News 12-07 (No.295)
Issued : July 25, 2012
[ Japanese Version ]
Isabella Stewart Gardner Museum - Calderwood Performance Hall's Acoustics
By Motoo Komoda
Calderwood Performance Hall plan
The ceiling's skylight with pyramid-shaped glass
Perforated wall panels and waffle-patterned panels
attached to balcony underhang
In our March, 2012 newsletter, I wrote about the opening of the Isabella Stewart Gardner Museum's new wing and mentioned that we were waiting until the museum hosted Calderwood Performance Hall's opening series of concerts to take acoustical measurements in the new hall. In this article, I will discuss key features of the hall's acoustical room design and some particularly memorable highlights of the hall's first concerts.
As can be seen on the accompanying architectural drawings, the basic shape of the new hall is a cube that measures 14 m. on each side, a configuration that posed several difficult challenges from the acoustical design perspective. Because of the acoustical obstacles inherent in a cube-shaped hall configuration, most standard acoustical engineering textbooks categorically advise against adoption of the cube shape when designing a concert hall.
<< Mitigating the Acoustical Challenges of a Cube-shaped Hall >>
Parallel floors and ceilings can cause a hall to have flutter echoes. To prevent this undesirable phenomenon from occurring in Calderwood Performance Hall, we negotiated the use of pyramid shapes in the glass of the hall's skylight, thereby creating surfaces in the ceiling that are not parallel to the hall's floor.
The hall's balcony tiers also have parallel side walls. On most of these wall surfaces we installed 2.5 mm. wood panels with 40 percent open perforations. These panels are acoustically transparent and promote diffusion of high frequency sounds. The three layer gypsum board wall behind the panels has sufficient rigidity to produce excellent sound reflections while the perforated wood panels ensure the prevention of flutter echoes. In addition, each balcony underhang connects to the hall's walls at 90-degree angles. We pursued an iterative design process for this part of the hall and achieved a design that also effectively produces sound reflections from each of these corners.
<< Testing in Scale Models >>
Our room acoustical design process for this project included building a 1/24 scale model and conducting acoustical testing of the hall's configuration in the scale model. In addition, we decided to do additional testing of one element that we wanted to install at the concrete balcony underhangs. We had developed a plan to use waffle-patterned ceiling panels at the concrete balcony underhangs to promote sound diffusion, but this kind of repetitive pattern (a diffraction grating) can sometimes be the source of undesirable acoustic phenomena (as explained in our September, 2005 newsletter). To best understand how the waffle-patterned panels would perform as acoustical elements in Calderwood Performance Hall, we built a 1/10 scale model of a balcony with a waffle-patterned panel attached to the balcony underhang and conducted tests. By testing in the scale model, we checked that these panels would achieve the desired sound diffusion result.

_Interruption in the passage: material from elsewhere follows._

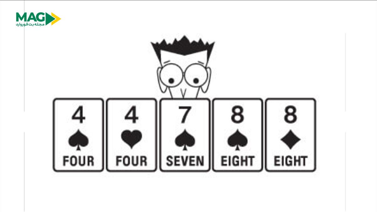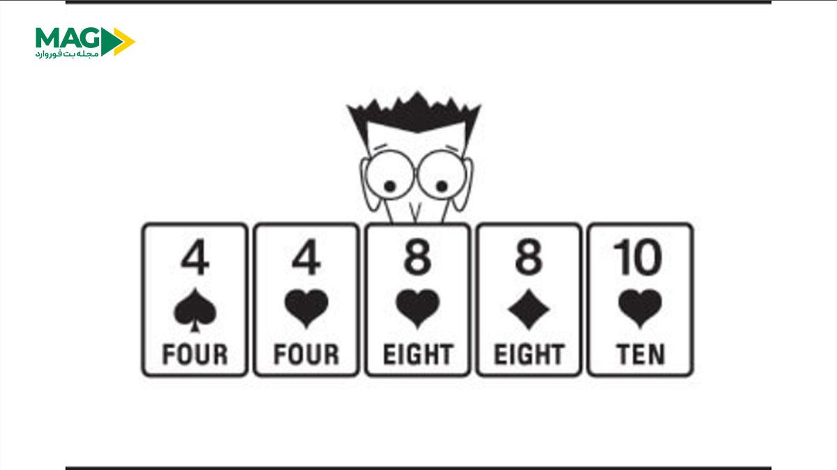 مشکل رایج دیگر این است که بدانید چه زمانی باید یک جفت کارت را نگه دارید تا شانس خود را در جای دیگری افزایش دهید. مثلا تصور کنید که مجبورید از یک مجموعه مثل شکل زیر، یکی از کارتها را دور بیندازید.
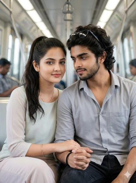 Create an ultra-realistic 8K cinematic close-up portrait of a stylish young Indian couple sitting side-by-side inside a modern metro train during daytime, designed with an intimate emotional vibe and ultra-HD face clarity. FACE LOCK — ZERO MODIFICATION POLICY Use the uploaded reference images as the exact facial identity source (both boy and girl). Faces must remain 100% identical. Preserve exact eyes, nose, lips, cheeks, skin tone, and proportions. No beautification, no smoothing, no reshaping. FACE CLARITY PRIORITY Both faces must be ultra-HD sharp, crystal-clear with visible natural skin texture, pores, and real lighting. No blur, no smoothing. Faces must be the sharpest element in the frame. ASPECT RATIO • 3:4 vertical STYLE Ultra-realistic DSLR photography, cinematic emotional lifestyle + metro romance aesthetic, 8K ultra detail. SCENE Interior of a metro train with metallic seating, window light entering softly, overhead handles, and subtle reflections on steel surfaces creating a calm urban environment. POSE • Sitting very close together • Hands gently holding each other between them • Girl slightly leaning toward the boy • Boy slightly turning toward her • Tight close-up framing from chest to head EXPRESSION Soft emotional expressions with subtle smiles, deep connection and calm romantic energy. OUTFIT • Boy: soft grey shirt + black jeans + sunglasses • Girl: elegant light pastel top + minimal accessories HAIR • Boy: clean modern hairstyle • Girl: smooth silky hair falling naturally LIGHTING • Soft diffused daylight from window • Gentle highlights on skin • Smooth shadow transitions BACKGROUND • Metro interior softly blurred • Passengers barely visible • Minimal distraction, focus on couple CAMERA & COMPOSITION • DSLR 85mm lens • Tight close-up portrait framing • Ultra sharp faces, creamy background blur NEGATIVE PROMPT face blur, identity change, plastic skin, CGI look, over-smoothing, distorted anatomy, extra fingers, low resolution, cartoon effect.

Calderwood Performance Hall's
reverberation time characteristics
As a result of our final acoustical testing, we further confirmed that echoes cannot be detected in the new hall. The reverberation time measures 1.0 seconds (at 500 Hz, in an unoccupied hall), from which we calculate that the reverberation time measures 0.9 seconds when the hall has a full audience. The reverberation characteristics are mostly consistent across the entire frequency spectrum. Based on the results of our measurements, our design achieved the quantitative acoustical physical properties that we set as the objectives for this hall.
<< Concerts in Calderwood Performance Hall >>
As I mentioned in the March article, one of Calderwood Performance Hall's most distinguishing characteristics is the placement of the audience seating. The 300 seats entirely surround the stage, starting on the ground level and continuing in single-row balconies that rise vertically on all sides of the hall. When I sit in this hall, the sense of intimacy is so strong that I feel as if I could touch the performers merely by extending my arm. The single-row arrangement of 80 percent of the seats means that almost all of the audience enjoys unobstructed "VIP" seating. (Only the ground level audience section has two rows of seats.)

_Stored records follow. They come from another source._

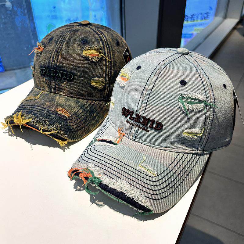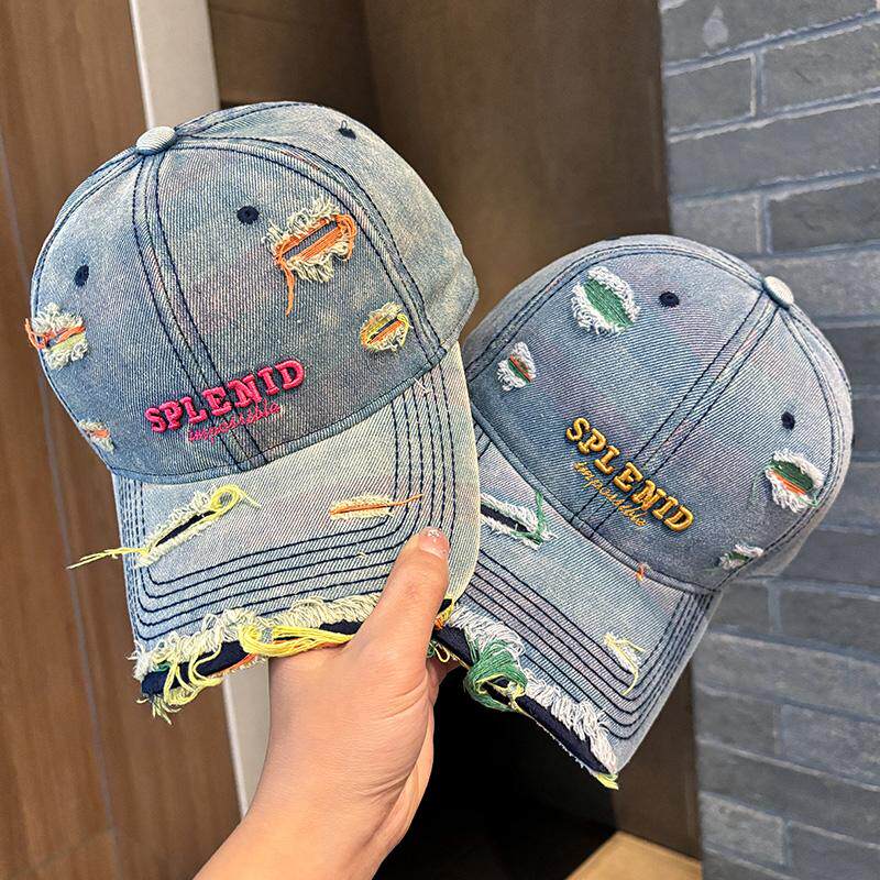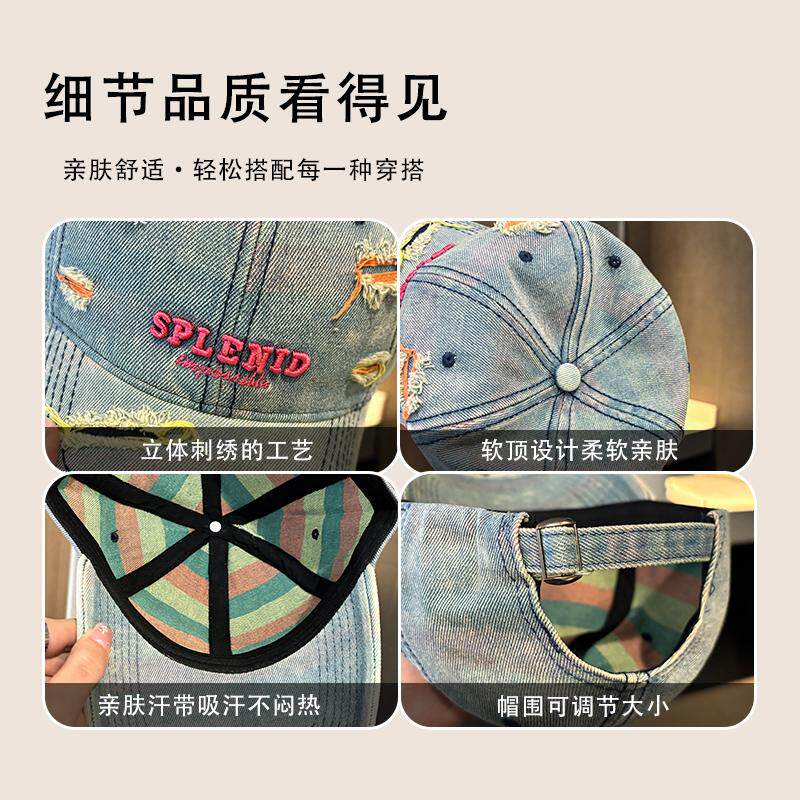 📚 水洗牛仔棒球帽子女刺绣字母破洞鸭舌帽春夏季情侣休闲遮阳帽子男
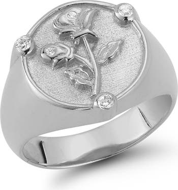 Cubic Zirconia Rose Signet Ring
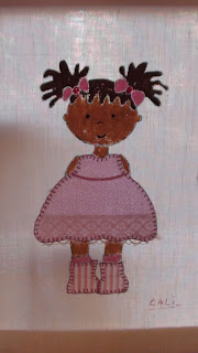 Este cuadro de una niña conbina la técnica de aplicación con la de pintura de ropa, una combinación muy bonita.
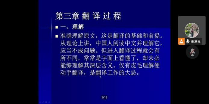 特邀王满良老师做了翻译方向的考研答疑讲座。讲座中,王满良老师主要从汉英语言差异、翻译过程、翻译技巧、习语翻译四个方面展开。
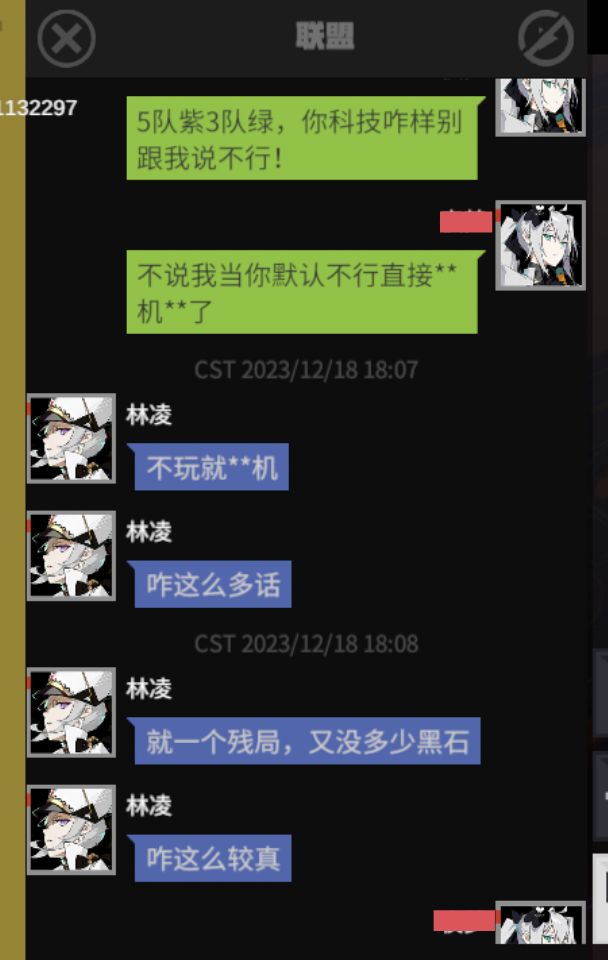 这个是我们的联盟聊天,只有我和我盟友两个人,出现奇怪的东西了,我截屏了,再看的话,找不到了
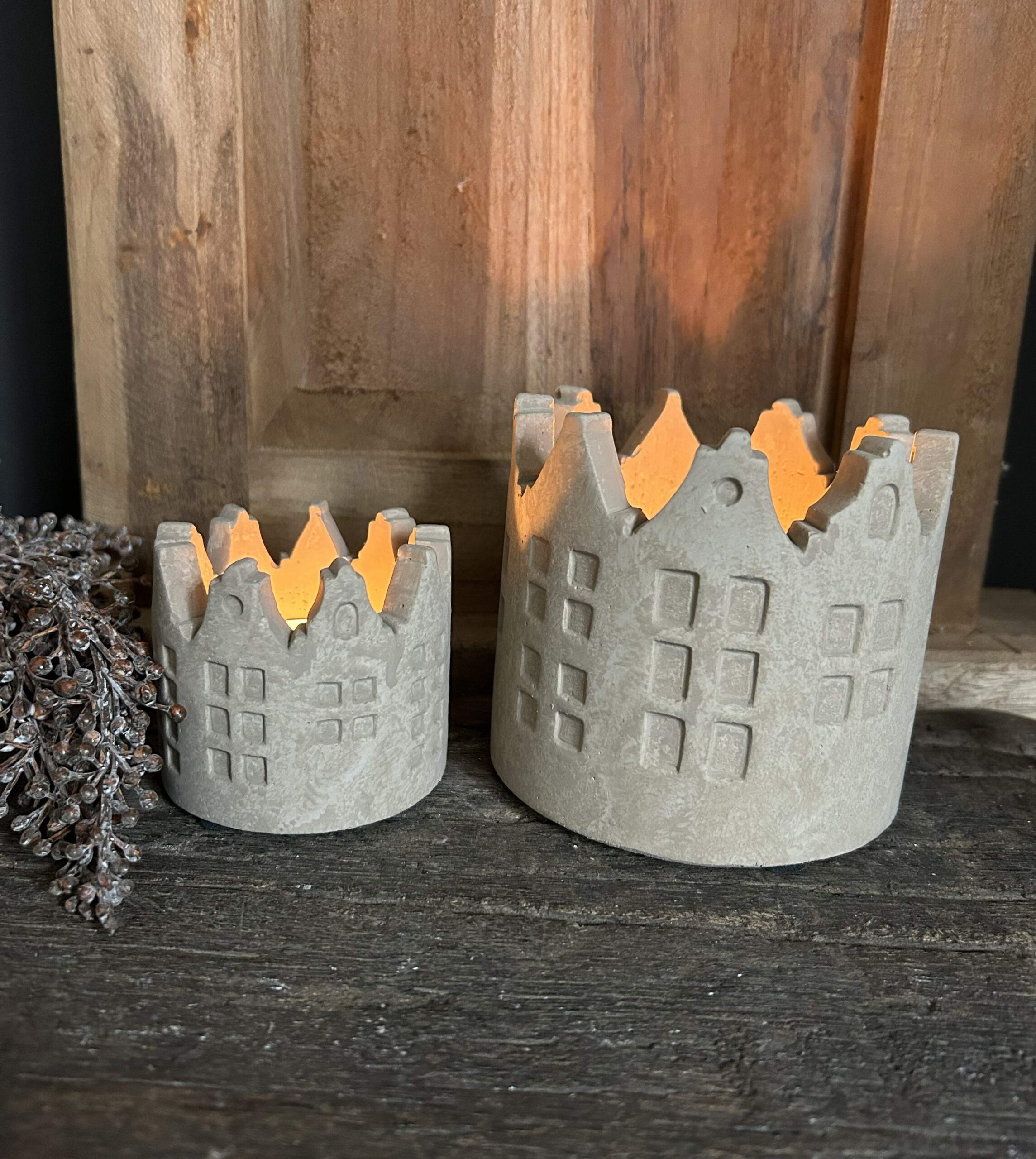 De verfijnde details van de gevels en ramen komen prachtig tot leven zodra je er een theelichtje in plaatst. Het zachte kaarslicht schijnt subtiel door de kleine vensters en zorgt voor een knusse, gezellige ambiance in elke ruimte. De kenmerkende taupe tint uit de Majestic Taupe collectie geeft de housjes een stoere, maar tegelijkertijd stijlvolle en tijdloze uitstraling.

However, the equal proximity of the audience from all sides of the hall also means that the hall has a square stage, which creates a totally different stage environment compared with the stages of most other performance venues. There is no directionality from the stage to the seating and, not only does the audience surround the performers for 360 degrees in the horizontal dimension, but much of the audience looks down on all sides of the stage from the balconies. For both solo and ensemble performances, the performers need to think carefully about how they configure their seating on this hall's stage.
Paavali Jumppanen's piano with the lid removed
Circular ensemble seating configuration of
Yo-Yo Ma's cello concerto performance
When Paavali Jumppanen gave his solo performance, he tried removing the lid from his piano. He found that the piano's notes rose toward the ceiling and that the reverberations blended well throughout the hall. Soprano Kiri Te Kanawa deftly and slowly turned to face each side of the audience as she sang, greatly impressing me by her attention to connecting with each and every member of the audience. It was truly a wonderful experience to listen to her beautiful voice at such close proximity.

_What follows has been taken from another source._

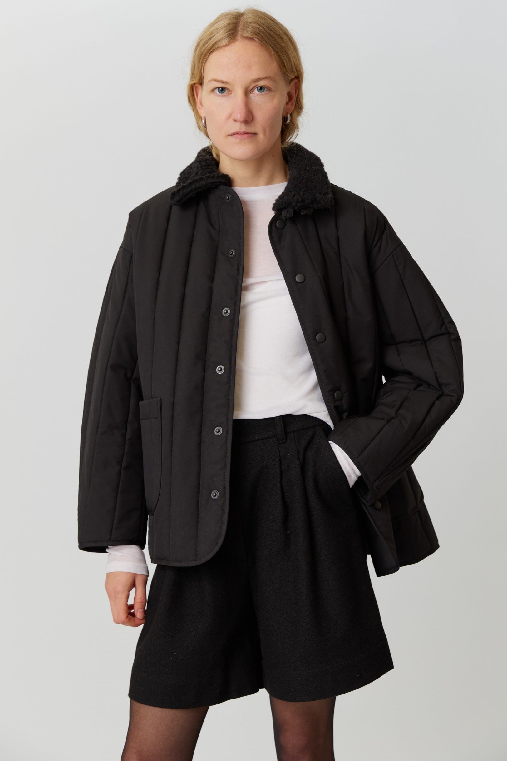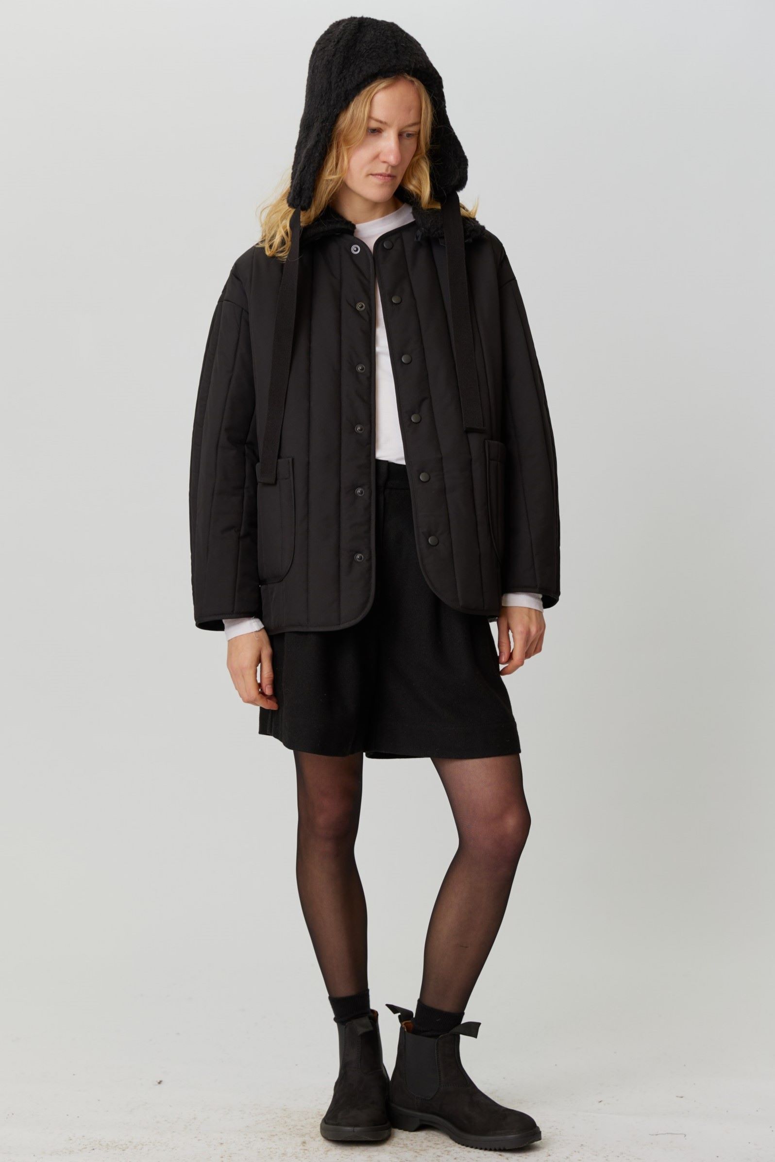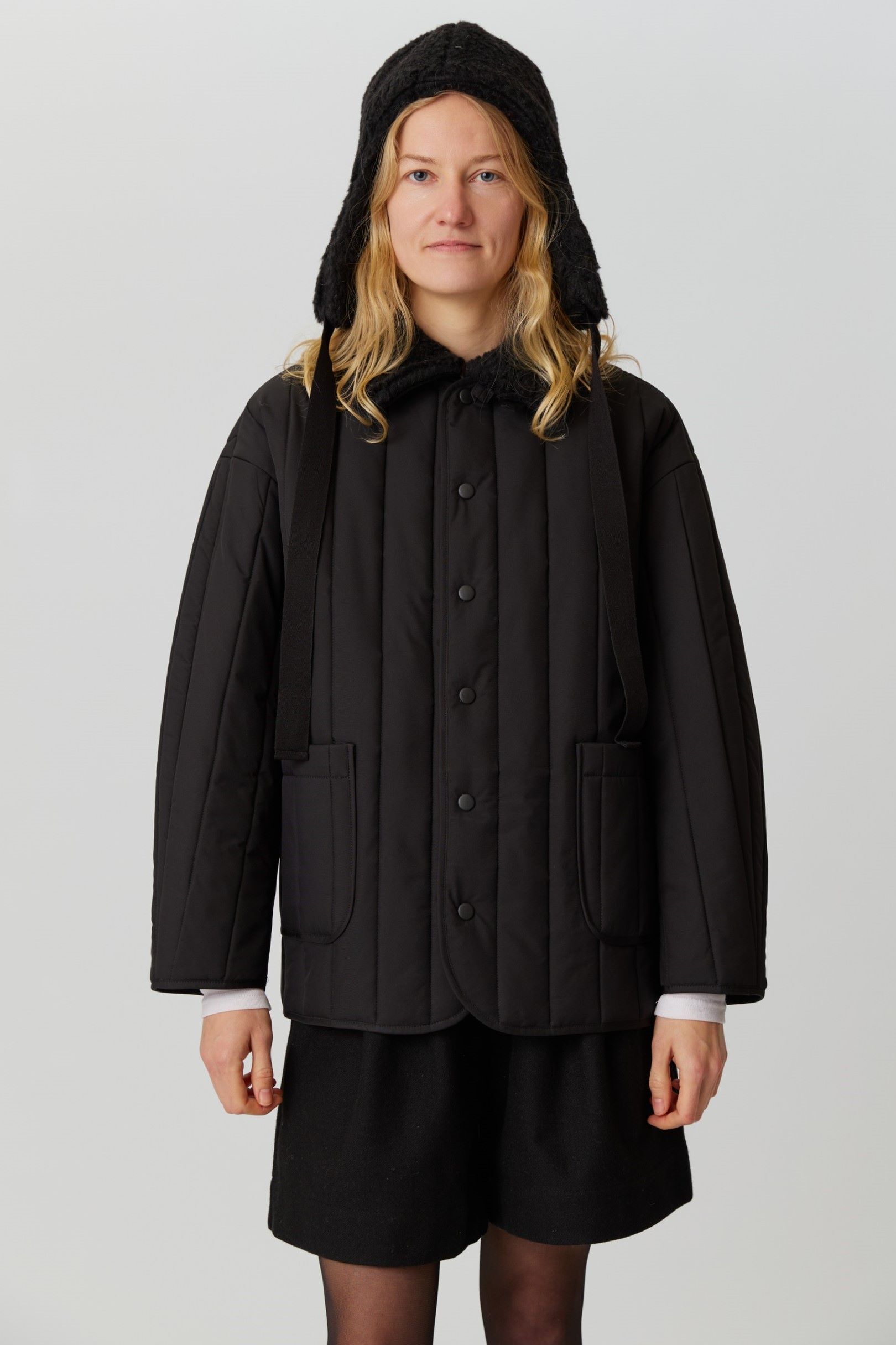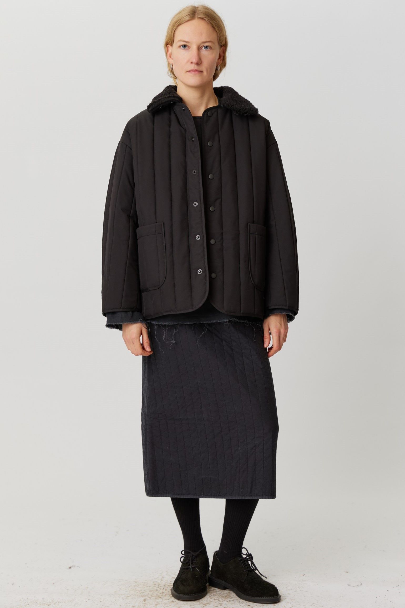 Рекомендуем выбирать свой привычный размер или на размер больше для более свободной посадки. Параметры модели: 86-68-90, рост 174. Размер куртки М(46)

When Yo-Yo Ma began to rehearse the Haydn Cello Concerto, he placed his cello riser in front of the ensemble and sat with his back to the other musicians. This was not a perfect configuration and he decided to both abandon the riser and to sit together with the ensemble in a circular configuration. This enabled the musicians to have eye contact with each other as well as with Mr. Ma and improved their ease of playing.
I watched and listened to these and other rehearsals and concerts that celebrated the hall's opening. Each musician and group of performers brought a creative approach to performing in the hall's unique environment. I look forward to learning about how other musicians creatively adapt to this intimate and delightful new venue at the Isabella Stewart Gardner Museum.
You can read more about the museum's music program or listen to a podcast at the music page of the museum's website.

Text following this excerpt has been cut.